ORDECA
- Founded: July 15, 1972
- Regional affiliation: Central America

= ORDECA =

The Central American Sports Organization (acronym: ORDECA; in Spanish: Organización Deportiva Centroamericana) is an international organization which represents the current 8 National Olympic Committees of the Central American region. It is affiliated with the Pan American Sports Organization.

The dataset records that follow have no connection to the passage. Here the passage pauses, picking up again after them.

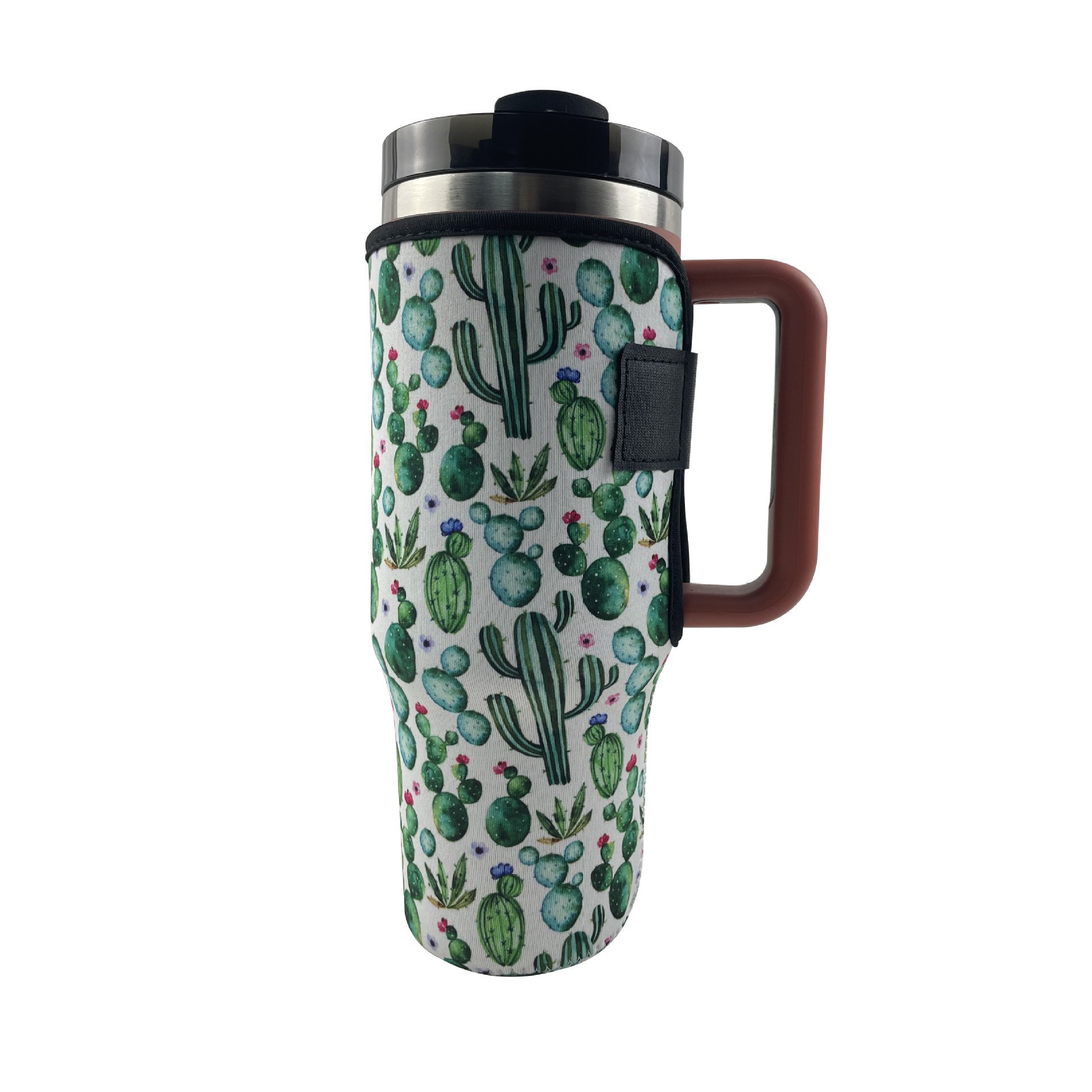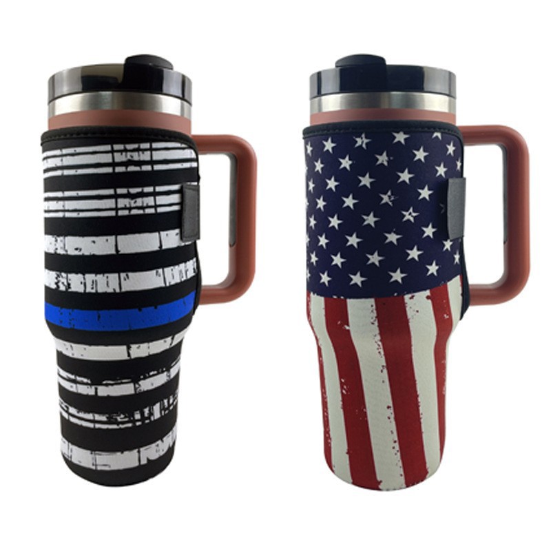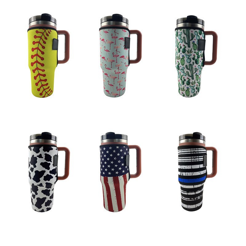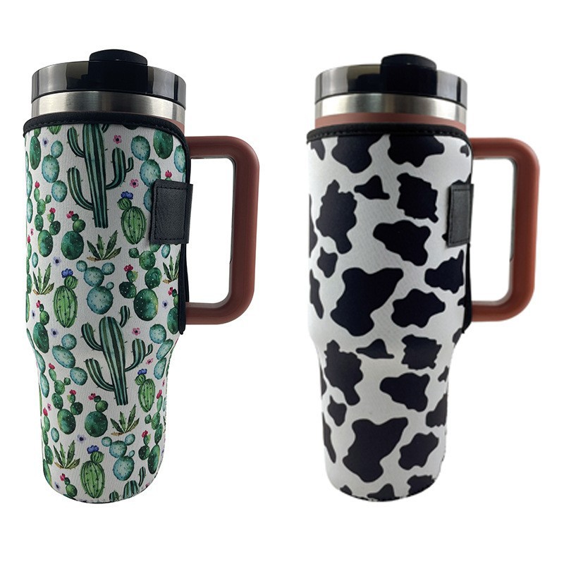 跨境新款隔热亚马逊手柄冰霸杯套渐变豹纹40OZ不锈钢杯汽车杯袋
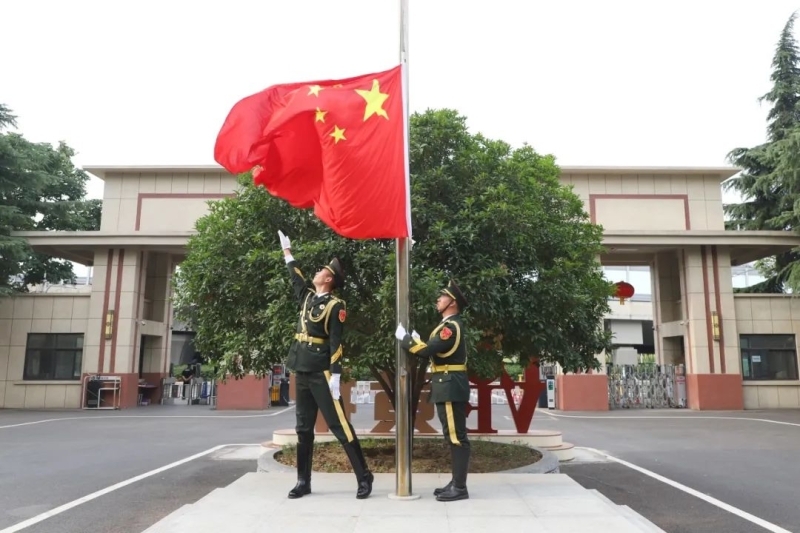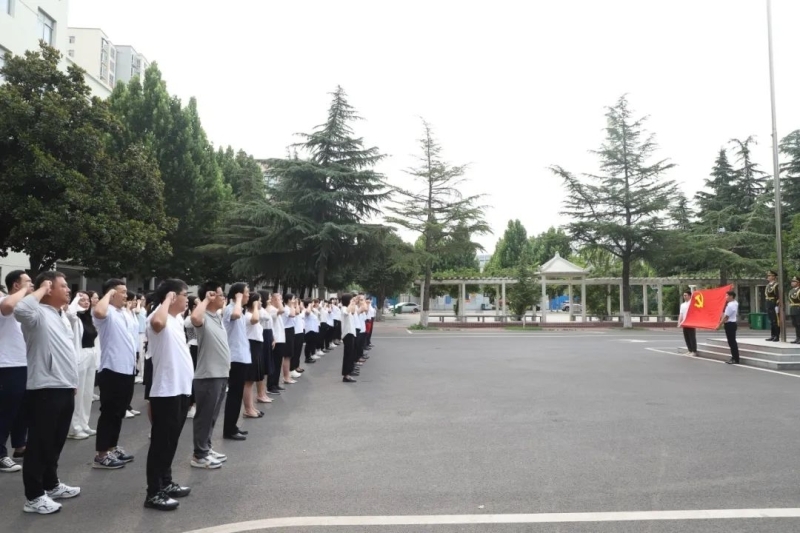 英姿飒爽的护旗手迈着铿锵有力的步伐,护卫国旗入场,伴随着雄壮的国歌,鲜艳的五星红旗冉冉升起,学院领导和全体党员向国旗行注目礼,共唱国歌,表达对党和祖国的热爱。
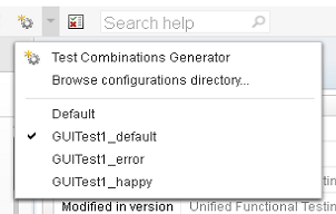 If you are working in a GUI test, access the configuration files for your test from the Test Combinations Generator button in the OpenText Functional Testing toolbar.
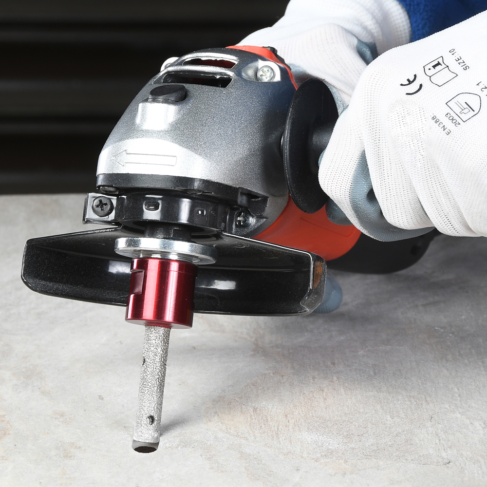 Dank des M14-Gewindes kann der Fräser direkt auf handelsüblichen Winkelschleifern montiert werden. Das Werkzeug ist für Trockenbearbeitung ohne Wasser konzipiert und eignet sich ideal für schnelle Anpassungen auf der Baustelle.
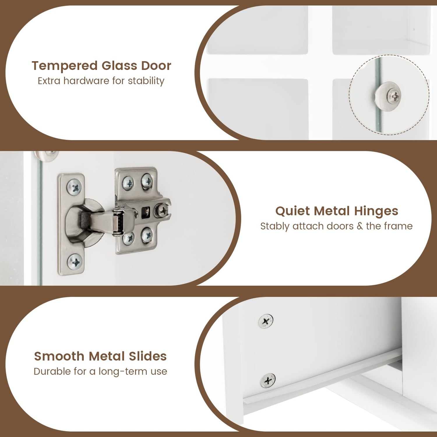 Convenience is key with the Giantex bookcase. It includes quiet metal hinges that minimise noise and impact when closing the doors, and the drawer is equipped with smooth metal slides for effortless access. This thoughtful design enhances your user experience, ensuring that your belongings are not just stored, but showcased with grace.
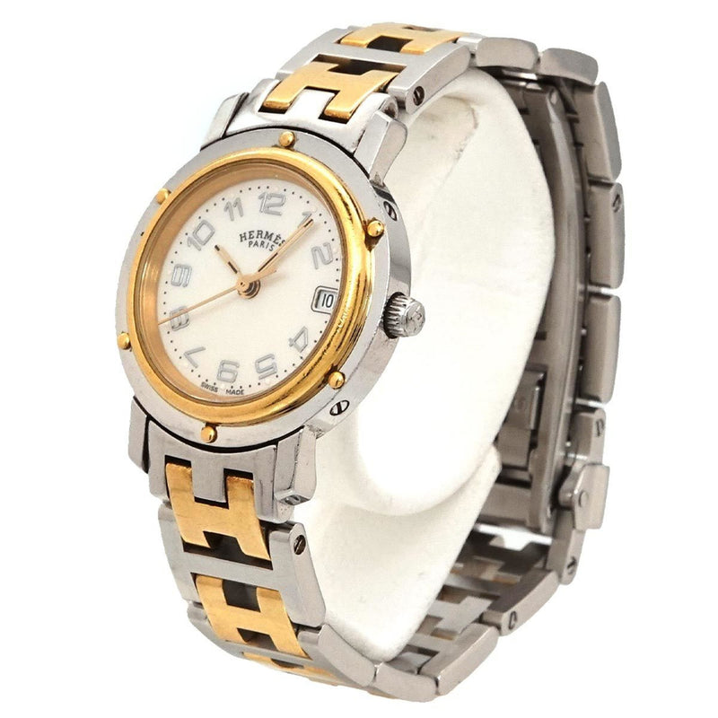 Pre-Owned Herm?s Clipper CL4 220 Women's Two-tone Date White Shell Quartz Watch

It was established on 15 July 1972. It is recognised by the International Olympic Committee (IOC) that approved its creation at the Congress of the XX Olympiad, held in Munich, Germany, in 1972.

==Member nations==
There are 7 affiliated National Olympic Committees:

| Nation | National Olympic Committee |
|---|---|
| Belize | Belize Olympic and Commonwealth Games Association |
| Costa Rica | Costa Rican Olympic Committee |
| El Salvador | El Salvador Olympic Committee |
| Guatemala | Guatemalan Olympic Committee |
| Honduras | Honduran Olympic Committee |
| Nicaragua | Nicaraguan Olympic Committee |
| Panama | Panama Olympic Committee |

==Administration==
The ORDECA is the governing body of the Central American Games.

The then President of Olympic Committee of Guatemala Luis Canella Gutiérrez, was elected the first President of ORDECA.